My highest high came at the beginning of May, when I was finally allowed to sit up for the first time. To make this possible, I was fitted with a back brace that looked like a corset and was intended to provide support to compensate for my diminished muscle mass; I was told that the infection had eaten away 50 percent of the muscles in my lower back. The hole had begun to fill in with scar tissue, but there was still sterile packing that needed to be changed every couple of days. The day the doctor appeared in my room with the brace was one I had been anticipating for weeks. He slid the brace under me and cinched it up. Then, as I lay on my side with my legs extending over the edge of the bed, he rotated me into a sitting position. It was the first time I had been upright in three months. I was taking in all the sensations of being vertical when one of my favorite floor nurses walked by my room. I called out, “Hey, Adrienne, look at me!” and then I dissolved into tears, overwhelmed by happiness.
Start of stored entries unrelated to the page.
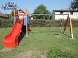Az ülés és a lengőkarok nem tartoznak a lengéshez. Szükséges a megvásárolható ülőhely (1 db) és a csuklópántok (2 db). Négyoldalú torony, ferde mászóka kötéllel és lépcsőkkel, csúszda, 2x gát, fém gerenda. Több információ
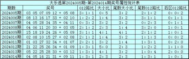 体彩大乐透第24014期奖号为:04 05 16 21 31+09 11,其中前区奖号012路比为1:3:1,大小比为2:3,奇偶比为3:2,包含同尾奖号:21 31。
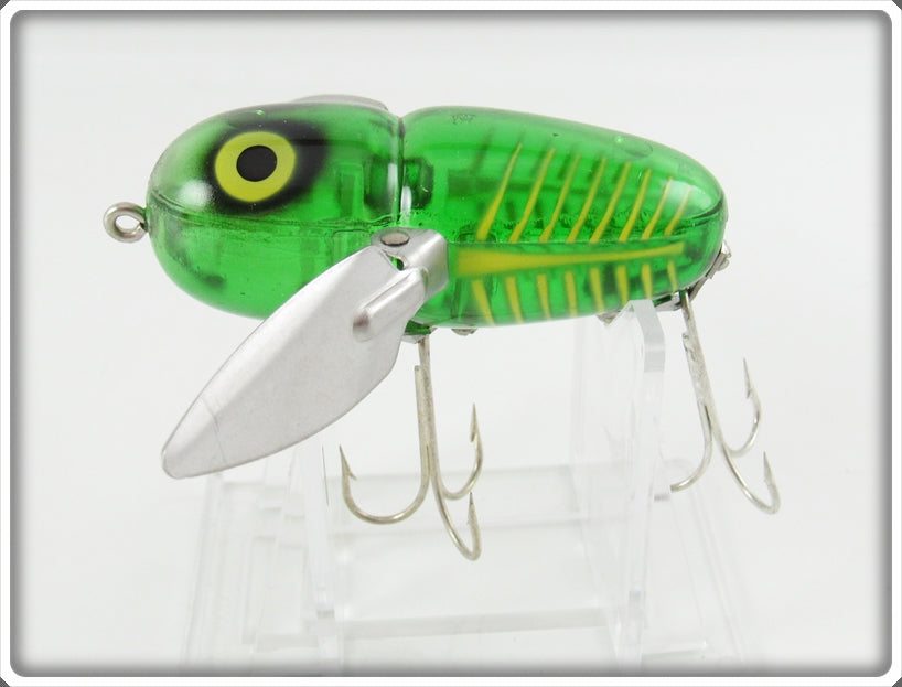 This is a nice old Heddon Spook Glow Green With Yellow Shore Crazy Crawler lure that was sold on Tough Lures! Vintage and antique fishing lures are added for sale often so keep checking back! I buy old lures so feel free to contact me if you have any to sell.
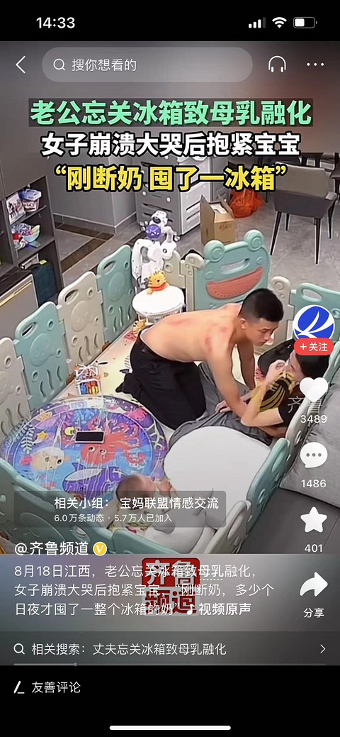 8月18日江西,老公忘关冰箱致母乳融化,女子崩溃大哭后抱紧宝宝,“刚断奶,多少个日夜才囤了一整个冰箱的奶”确实令人生气,这么低级的错误,那不光是孩子的口粮,也是妈妈辛苦挤出来的。
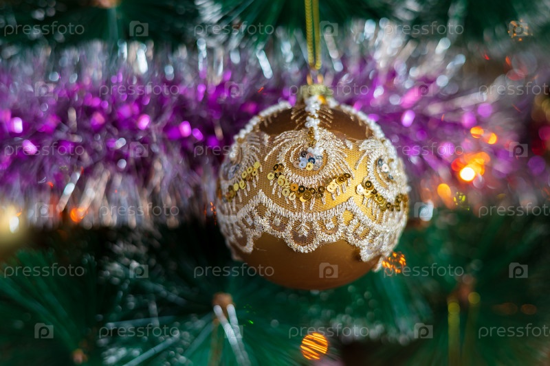 Красивый шар ручной работы на новогодней елке
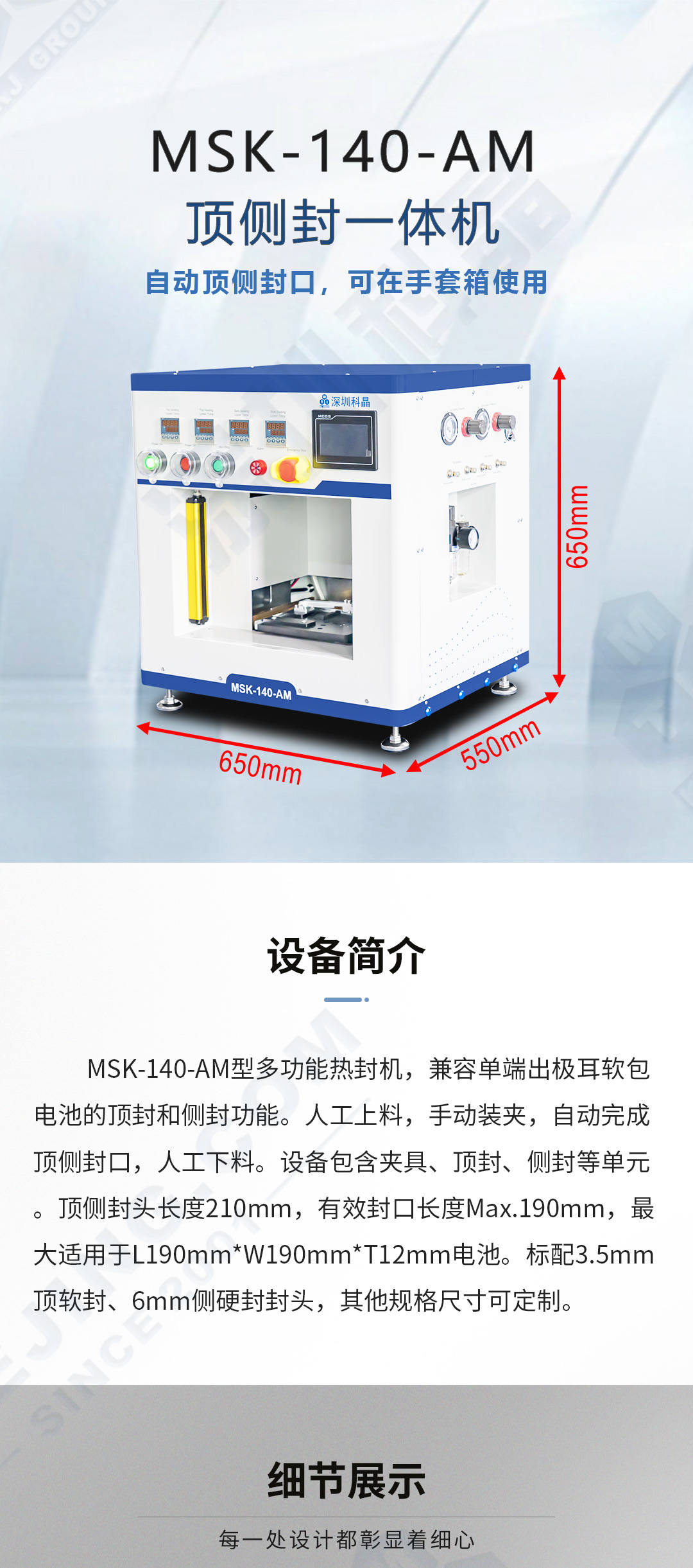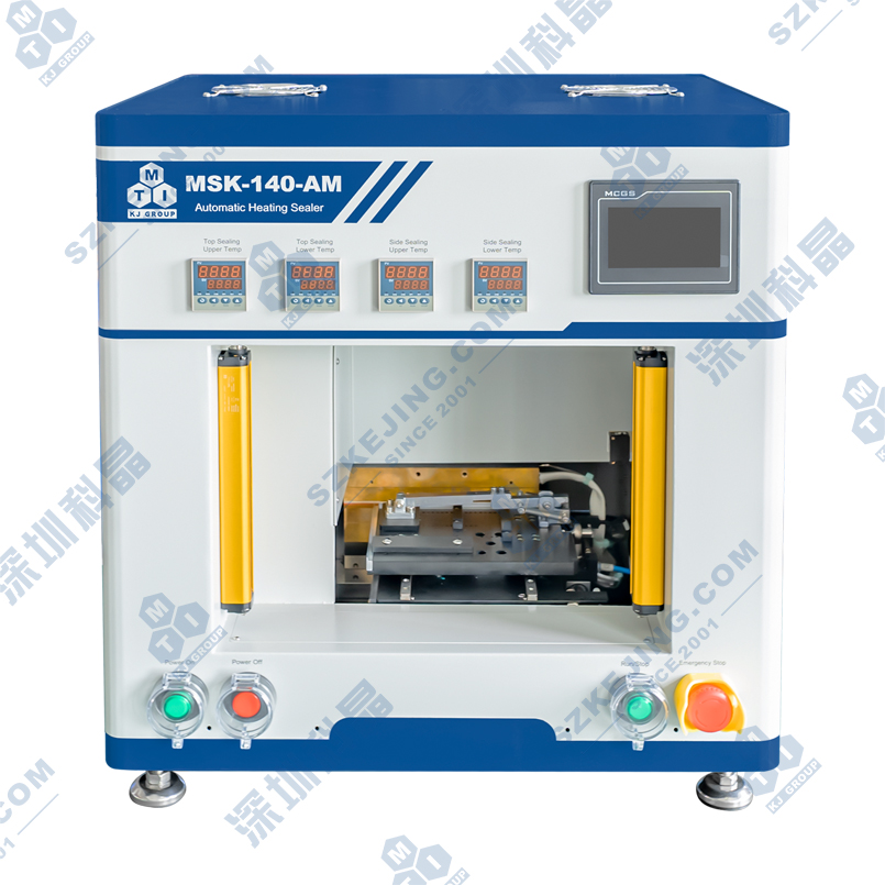 應(yīng)用范圍:MSK-140-AM型多功能熱封機(jī),兼容單端出極耳軟包電池的頂封和側(cè)封功能。人工上料,手動裝夾,自動完成頂側(cè)封口,人工下料。設(shè)備包含夾具、頂封、側(cè)封等單元。頂側(cè)封頭長度210mm,有效封口長度Max.190mm,最大適用于L190mm*W190mm*T12mm電池。標(biāo)配3.5mm頂軟封、6mm側(cè)硬封封頭,其他規(guī)格尺寸可定制。
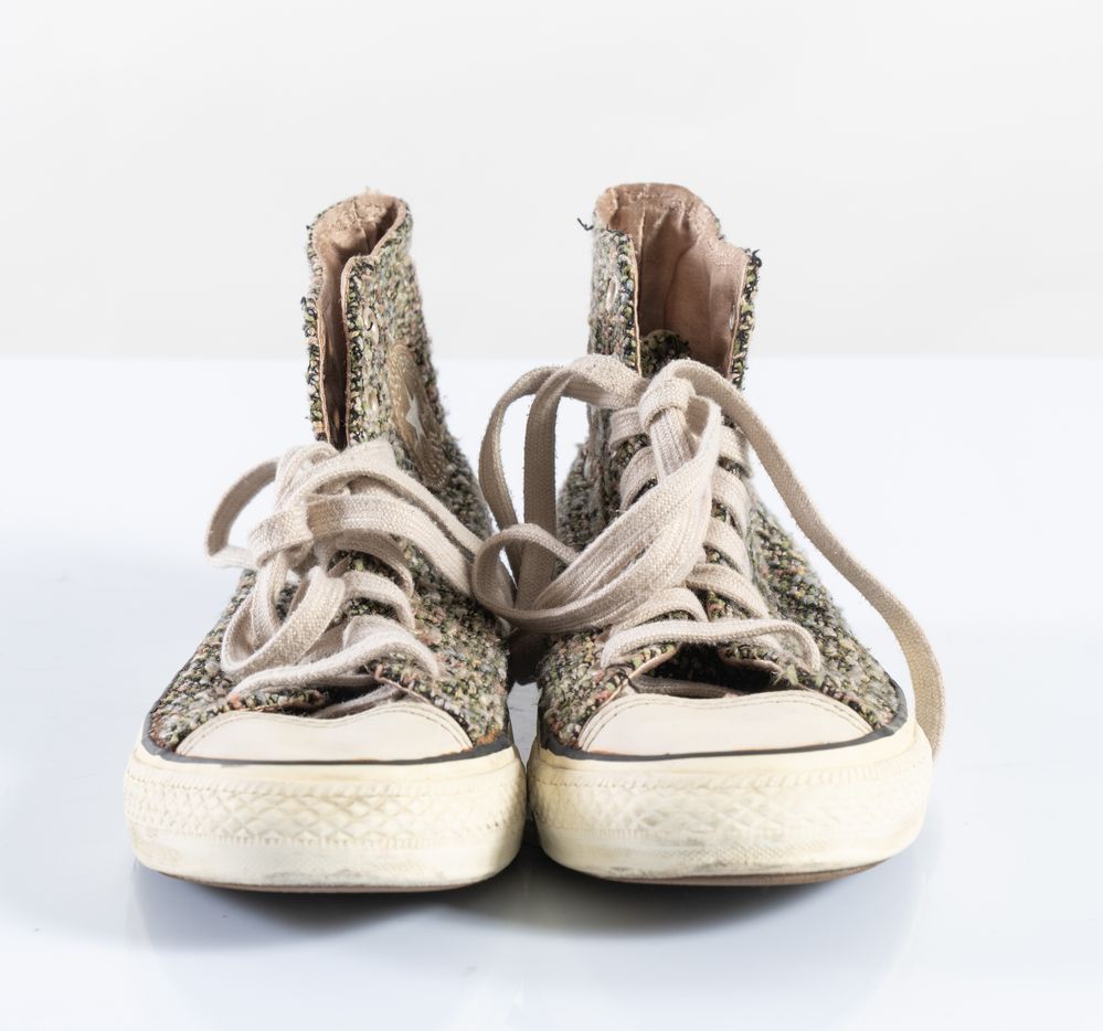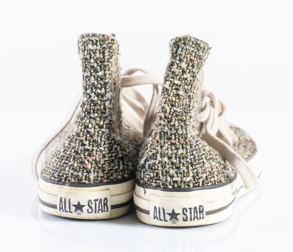 CONVERSE Sneakers in tessuto tweed sui toni del verde. Taglia riportata: US 6,5. Recano marchio All Star Converse.

There was indeed much to be happy about; this outcome had been in
serious doubt. As it turned out, my doctor’s pronouncement that the spinal fusion had failed proved untrue. Instead, I was the beneficiary of a totally unexpected medical phenomenon: The massive infection in my back had produced increased calcification at the site of the fusion. Even though most of the bone chips had dispersed, a few had stayed put, and these had been enough to seed bone growth and create a solid fusion.
It was the end of May when I was finally allowed to leave the hospital. My sight had greatly improved, and the car ride was a visual cornucopia. I’d entered the hospital at the beginning of February; the trees had been bare and there was snow on the ground. Now everything was green and lush. The leaves on the trees vibrated with color and life. I felt desperate to drink them in. The heavy lace curtain in my right eye had broken apart and turned into floaters, dark spots that drifted through my field of vision—a distraction, but not a hindrance. My left eye was also progressing. A lot more light came through, although more around the edges than in the center. Turning onto our tree-lined street and seeing our two-story white clapboard house, with a magnificent spray of bright red tulips lining the walkway, I felt humbly grateful and elated all at once. Even the sight of the stairs leading to the front door and the longer flight to my bedroom on the second floor was exhilarating. Getting up those stairs the first time was tough, but with each day it got easier, and I was highly motivated. After four months of captivity, I was desperate to be outside. Five days after returning home, I managed to walk to my old climbing tree by the edge of the pond and give it a pat.